START Data for this exercise

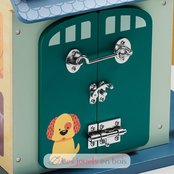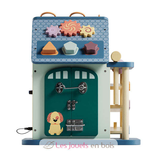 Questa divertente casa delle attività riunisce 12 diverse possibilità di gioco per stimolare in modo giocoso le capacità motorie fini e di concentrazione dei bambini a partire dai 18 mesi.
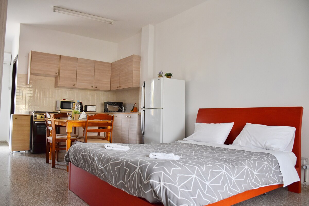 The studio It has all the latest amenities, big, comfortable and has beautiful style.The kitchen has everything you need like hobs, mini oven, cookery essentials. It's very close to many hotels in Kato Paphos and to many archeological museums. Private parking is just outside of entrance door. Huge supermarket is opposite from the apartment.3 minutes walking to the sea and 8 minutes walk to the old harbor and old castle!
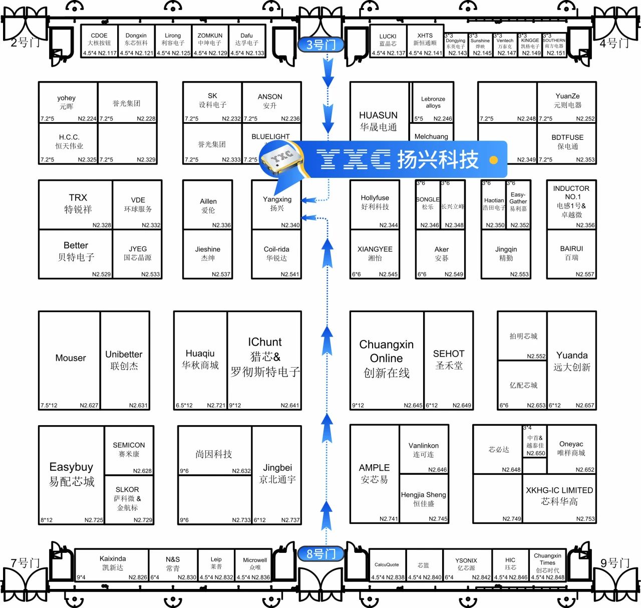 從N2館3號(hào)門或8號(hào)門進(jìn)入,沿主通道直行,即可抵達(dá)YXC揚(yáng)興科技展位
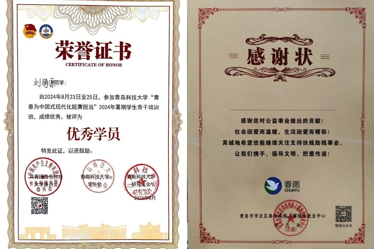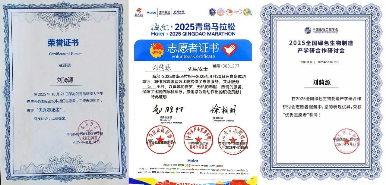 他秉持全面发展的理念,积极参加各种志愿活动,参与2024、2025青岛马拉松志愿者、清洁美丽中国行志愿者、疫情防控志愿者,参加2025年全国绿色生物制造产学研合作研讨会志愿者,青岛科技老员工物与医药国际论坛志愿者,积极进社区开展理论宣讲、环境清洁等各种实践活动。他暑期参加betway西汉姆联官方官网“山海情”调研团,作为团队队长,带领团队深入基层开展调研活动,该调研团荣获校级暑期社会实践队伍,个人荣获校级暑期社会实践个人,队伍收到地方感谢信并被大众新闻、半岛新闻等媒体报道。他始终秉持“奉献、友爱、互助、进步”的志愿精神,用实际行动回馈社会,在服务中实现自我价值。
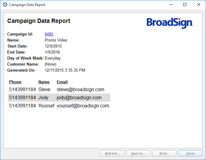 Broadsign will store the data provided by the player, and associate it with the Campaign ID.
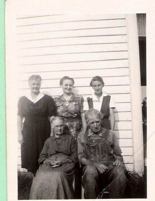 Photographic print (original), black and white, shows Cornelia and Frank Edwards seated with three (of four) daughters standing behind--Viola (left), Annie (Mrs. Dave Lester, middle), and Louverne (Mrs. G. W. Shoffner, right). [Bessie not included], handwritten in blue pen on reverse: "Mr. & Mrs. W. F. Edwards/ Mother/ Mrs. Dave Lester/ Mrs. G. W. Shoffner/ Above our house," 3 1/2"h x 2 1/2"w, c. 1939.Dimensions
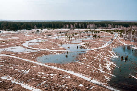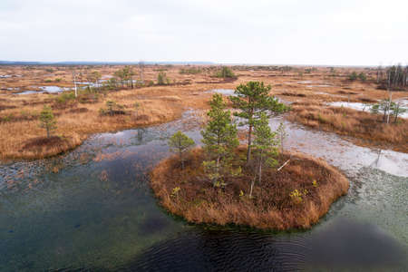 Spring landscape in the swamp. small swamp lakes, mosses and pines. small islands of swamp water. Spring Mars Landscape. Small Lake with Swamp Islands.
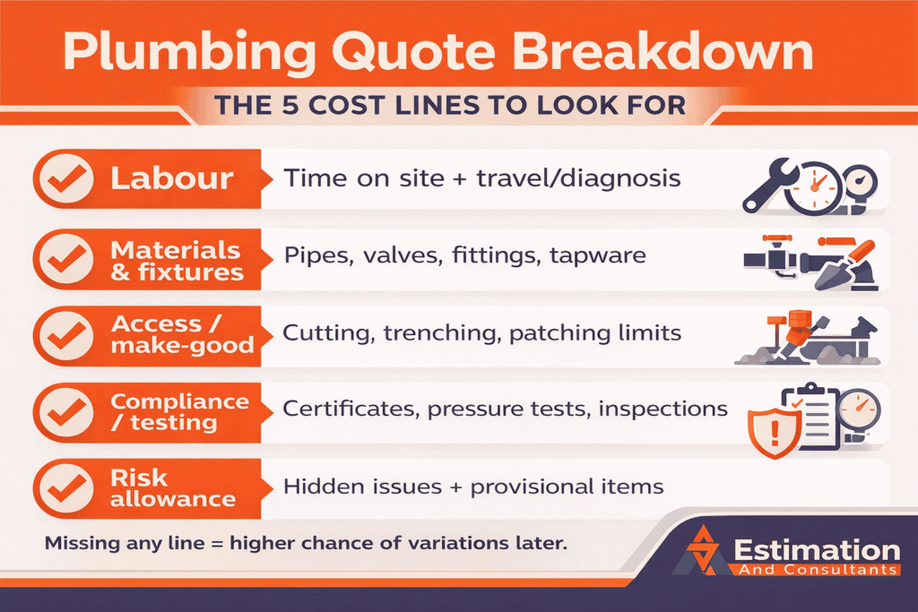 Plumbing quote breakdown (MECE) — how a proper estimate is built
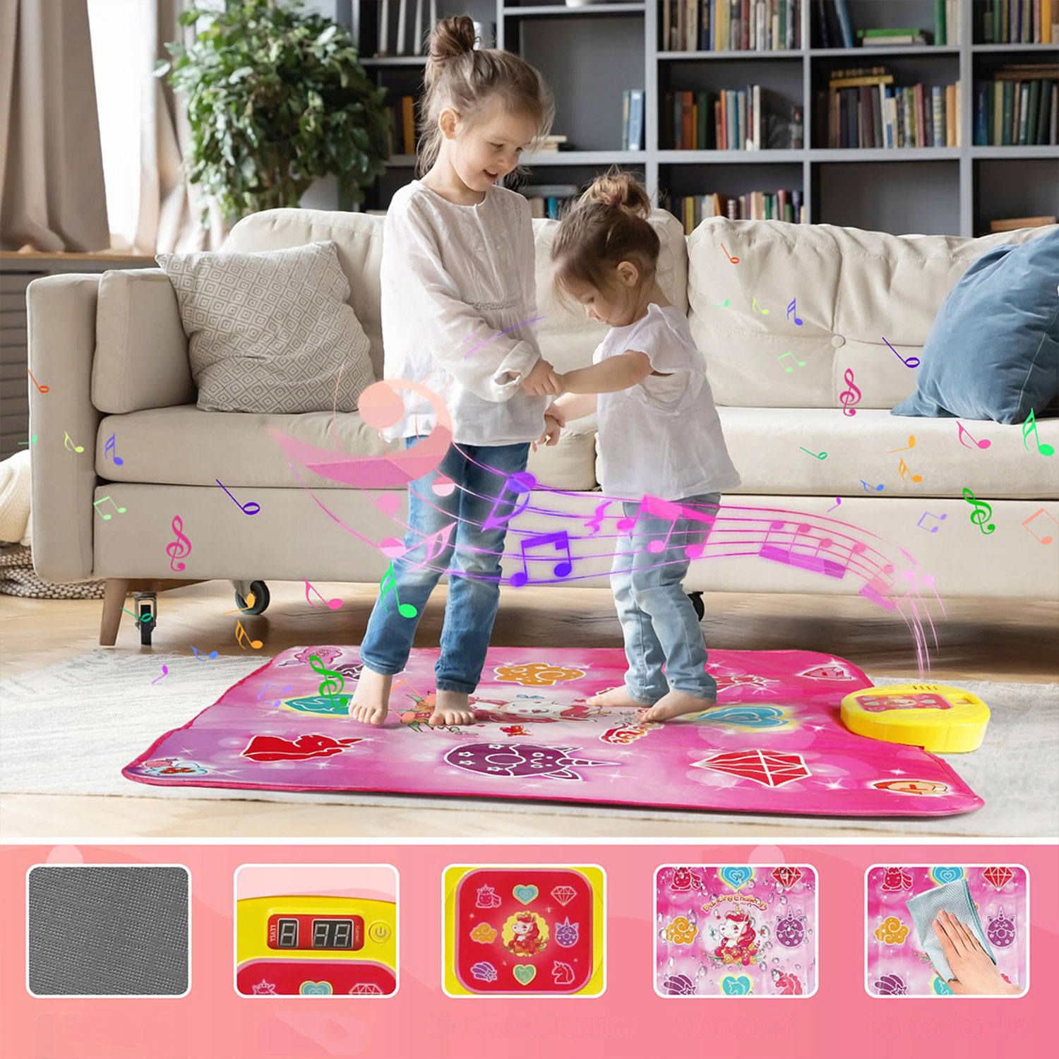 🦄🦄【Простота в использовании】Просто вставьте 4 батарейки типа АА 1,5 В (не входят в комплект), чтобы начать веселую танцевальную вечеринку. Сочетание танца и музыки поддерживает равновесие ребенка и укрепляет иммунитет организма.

END Data for this exercise

• **Task prompt**
Whenever a picture appears, leave it out, and return every record exactly.

• **Solution**
 Questa divertente casa delle attività riunisce 12 diverse possibilità di gioco per stimolare in modo giocoso le capacità motorie fini e di concentrazione dei bambini a partire dai 18 mesi.
 The studio It has all the latest amenities, big, comfortable and has beautiful style.The kitchen has everything you need like hobs, mini oven, cookery essentials. It's very close to many hotels in Kato Paphos and to many archeological museums. Private parking is just outside of entrance door. Huge supermarket is opposite from the apartment.3 minutes walking to the sea and 8 minutes walk to the old harbor and old castle!
 從N2館3號(hào)門或8號(hào)門進(jìn)入,沿主通道直行,即可抵達(dá)YXC揚(yáng)興科技展位
 他秉持全面发展的理念,积极参加各种志愿活动,参与2024、2025青岛马拉松志愿者、清洁美丽中国行志愿者、疫情防控志愿者,参加2025年全国绿色生物制造产学研合作研讨会志愿者,青岛科技老员工物与医药国际论坛志愿者,积极进社区开展理论宣讲、环境清洁等各种实践活动。他暑期参加betway西汉姆联官方官网“山海情”调研团,作为团队队长,带领团队深入基层开展调研活动,该调研团荣获校级暑期社会实践队伍,个人荣获校级暑期社会实践个人,队伍收到地方感谢信并被大众新闻、半岛新闻等媒体报道。他始终秉持“奉献、友爱、互助、进步”的志愿精神,用实际行动回馈社会,在服务中实现自我价值。
 Broadsign will store the data provided by the player, and associate it with the Campaign ID.
 Photographic print (original), black and white, shows Cornelia and Frank Edwards seated with three (of four) daughters standing behind--Viola (left), Annie (Mrs. Dave Lester, middle), and Louverne (Mrs. G. W. Shoffner, right). [Bessie not included], handwritten in blue pen on reverse: "Mr. & Mrs. W. F. Edwards/ Mother/ Mrs. Dave Lester/ Mrs. G. W. Shoffner/ Above our house," 3 1/2"h x 2 1/2"w, c. 1939.Dimensions
 Spring landscape in the swamp. small swamp lakes, mosses and pines. small islands of swamp water. Spring Mars Landscape. Small Lake with Swamp Islands.
 Plumbing quote breakdown (MECE) — how a proper estimate is built
 🦄🦄【Простота в использовании】Просто вставьте 4 батарейки типа АА 1,5 В (не входят в комплект), чтобы начать веселую танцевальную вечеринку. Сочетание танца и музыки поддерживает равновесие ребенка и укрепляет иммунитет организма.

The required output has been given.